[PATCH v2 0/4] locking/rtmutex: Avoid overwriting pi_blocked_on while invoking blk_flush_plug().

From: Sebastian Andrzej Siewior
Date: Thu Apr 27 2023 - 07:20:11 EST


Hi,

Crystal Wood reported that task_struct::pi_blocked_on can be overwritten
by mistake that is:
rt_mutex_slowlock()
- task_blocks_on_rt_mutex()
- current->pi_blocked_on = waiter;
- rt_mutex_slowlock_block()
- schedule()
- sched_submit_work()
- blk_flush_plug()
- *any* RT sleeping lock used by the plug
- rtlock_slowlock_locked()
- task_blocks_on_rt_mutex()
- current->pi_blocked_on = waiter; <-- XXX

The requirement is
- I/O queued
- lock contention on a sleeping lock (a mutex_t)
- lock contention while flushing queued I/O (in blk_flush_plug(), a
spin_lock_t on PREEMPT_RT).

Later in review it was pointed out by tglx that any function within
sched_submit_work() is affected so it is not limited to
blk_flush_plug().

This series addresses the problem by
- export sched_submit_work()
- invoke sched_submit_work() if it is clear that the slow path is
needed.
- invoke schedule_rtmutex() while blocking on lock which contains only
the schedule loop (without sched_submit_work().

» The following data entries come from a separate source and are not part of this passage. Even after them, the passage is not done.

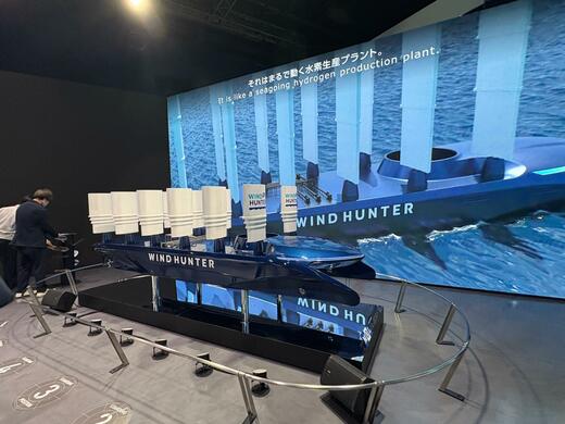 商船三井が提案するのは、脱炭素社会の実現を視野に入れた次世代船舶技術「ウインドハンター」だ。硬翼帆式の風力推進システム「ウインドチャレンジャー」をベースに進化させ、走行中に洋上風力を活用してグリーン水素を生産・貯蔵・運搬するという、究極のゼロエミッション船を目指している。
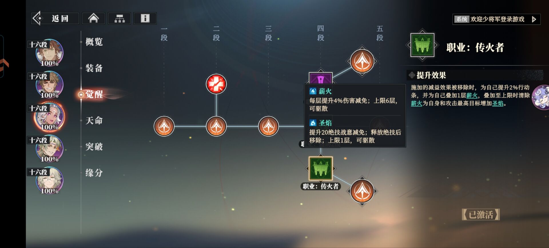 ⭐当薪火🔥叠到6层,可以给自己和一攻建议20点战意消耗,极大缓解了队伍战意的需求,而且祝融自身绝技释放也只需要20点。
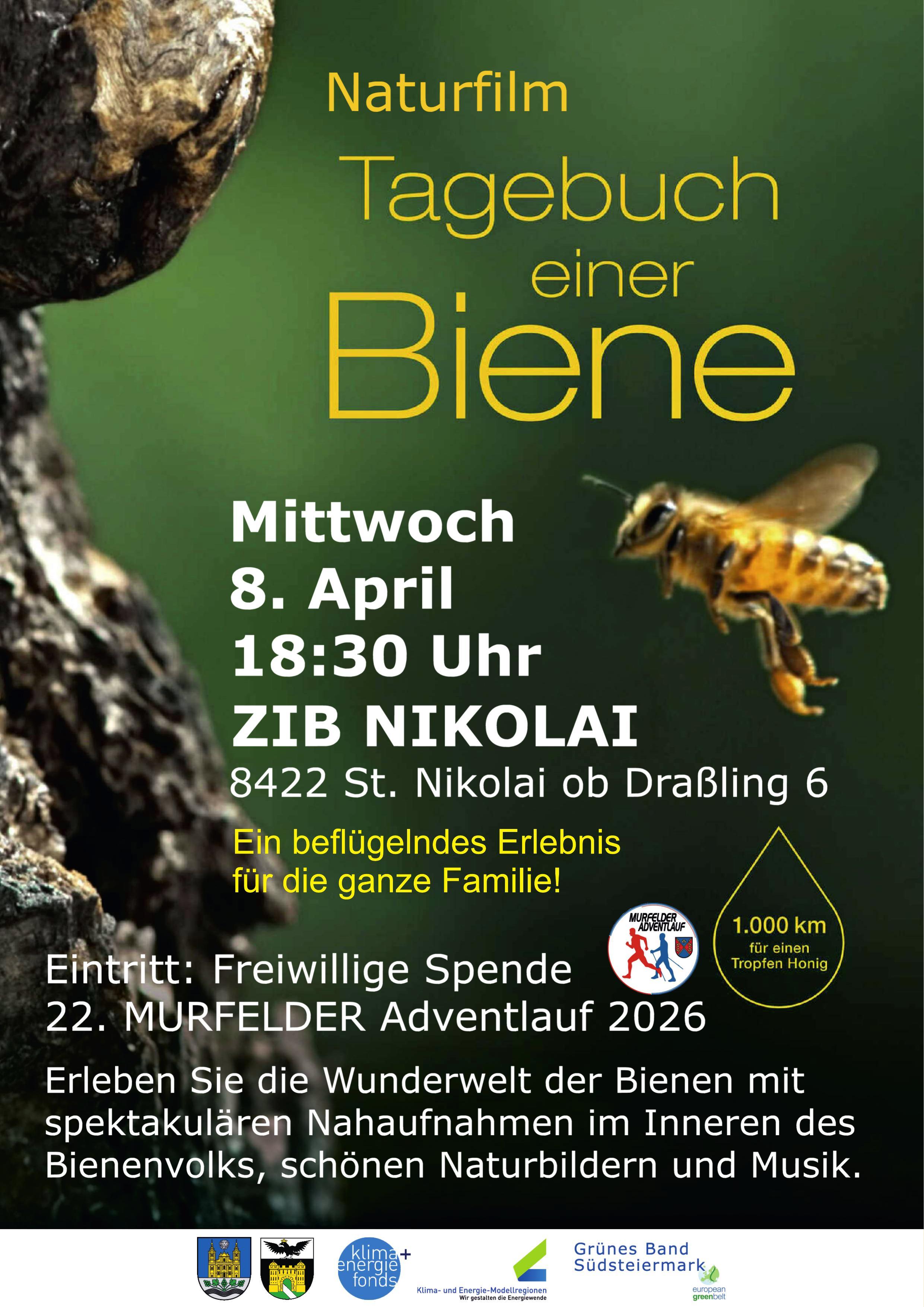 Am Mittwoch, 8. April 2026 gibt es einen besonderen Kinoabend im ZIB St. Nikolai. Ab 18:30 Uhr zeigt der faszinierende Naturfilm „Tagebuch einer Biene“ – ein beflügelndes Erlebnis, das die Wunderwelt der Bienen aus der Perspektive der Insekten selbst zeigt.

Original report by Crystal
https://lore.kernel.org/all/4b4ab374d3e24e6ea8df5cadc4297619a6d945af.camel@xxxxxxxxxx

v1: https://lore.kernel.org/all/20230322162719.wYG1N0hh@xxxxxxxxxxxxx

v1…v2:
- Avoid invoking blk_flush_plug() with DEBUG-enabled
- Fix also the ww-mutex implementation based on RT-mutex.
- Export sched_submit_work() and do the whole block before blocking
not just blk_flush_plug().

Sebastian